Recuerdo a Ilse desangrándose cubierta de semen y sus labios
morados de frío como con una escarcha densa y blanca y
blanda sobre pétalos rotos de rosas moradas.
Lo que sí recuerdo es que Irmgard ya estaba de cuatro
y que las madres daban cianuro a las niñas más pequeñas
hasta que sólo quedó un jirón de blusa y matarratas.
Y nuestros llantos, antorchas que se fueron, poco a poco, apagando”.
Antes de hablar de mi admiración por este libro, quiero agradecer a mi amigo Javier Gilabert, quien a propósito de una conversación, me envió dos días después un ejemplar de “Poemas a quemarropa” como regalo. Gracias.
Como ya dije, es un libro de complejidades, de osadía incluso, de belleza interminable. Unos poemas recogen testimonios o recrean biografías de personas sacrificadas en los campos de exterminio o de algún superviviente que vivió en el horror. En otros, la perspectiva se amplía y lo particular se convierte en común. Hablan otros de los horrores de la guerra, los asesinatos colectivos y las fosas comunes.
Hay un poema, “VEDEM”, donde se expone la dificultad, la imposibilidad, de hablar de esos tiempos, “Jamás entenderán nuestros poemas”, y se resuelve, magníficamente, mediante una concatenación de metáforas y la repetición. La incapacidad para expresar como propia la experiencia del horror, lo que sería impostura, adopta la vía indirecta de personificar los poemas como carne de víctima. “Nuestros poemas hieden a orín y heces”, “tienen la piel cuarteada”, “nuestros poemas son austeros”, “nuestros poemas tienen las sílabas raídas”, “nuestros poemas muerden como perros mendigos”. Escribir sobre la vida inhumana, en el sentido literal de la palabra, la animalización primero, la cosificación después de la identidad humana, y hacerlo con versos hermosisimos jalonados de trallazos que conmueven: “Van a morir muy pronto, pero aún no lo saben”.
En todo este relato se intercalan temas recurrentes, Pandora, Prometeo, Epimeteo, Pirra y Deucalión, como un recordatorio clásico.
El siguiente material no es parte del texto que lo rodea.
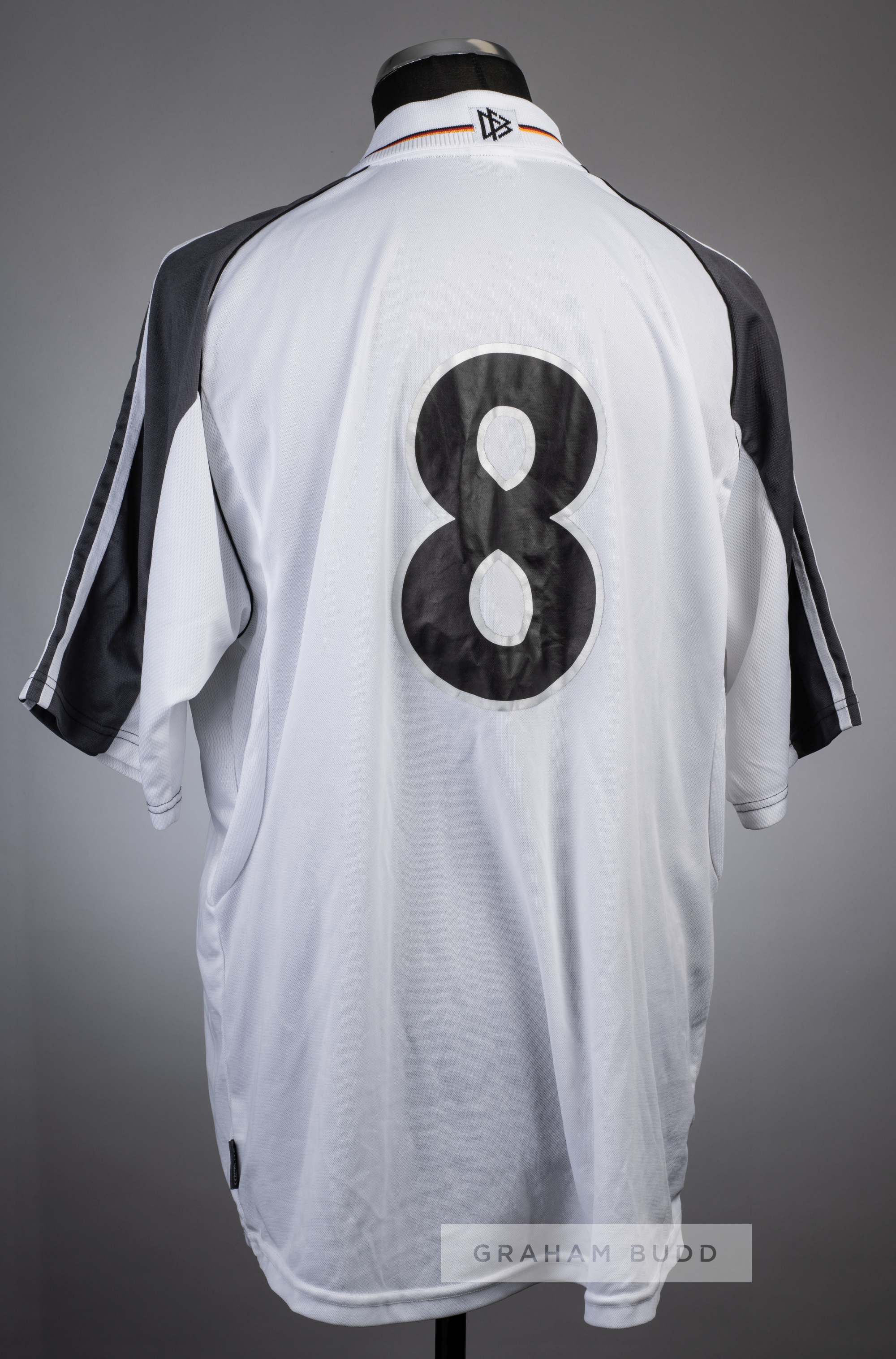 Dietmar Hamman white Germany No.8 home jersey, circa 2000, Adidas, short-sleeved with national emblem and Adidas logo, reverse numbered 8 Provenanc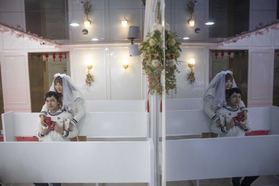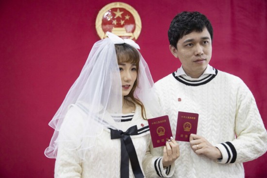 剛剛登記完畢的新人周鑫宇、黃莉在靜安區婚姻登記處拍照留念。

Pero nada serían estos “Poemas a quemarropa” sin ese lenguaje poderoso, sin la tensión incesante con que fueron escritos y los leemos: “Pensaba si en las sombras poderosas, si en las amargas lágrimas preciadas, si en las tristes caricias ensoñadas más belleza no habría que en las rosas”. Con esa osadía a la que me refería antes de las rimas internas en consonante.
Cierran el libro dos textos imprescindibles para entrar en la profundidad del poemario. “Auschwitz vía Terecín”, donde Alfonso Salazar entra en la deshumanización, más cruel que las torturas o la muerte, en la filosofía de Auschwitz y los otros campos. Y las notas de Friebe sobre cada uno de los poemas, el ambiente y la circunstancia que los motivó, enriquecen y nos acercan, aún más, al espíritu que encierra todo el libro.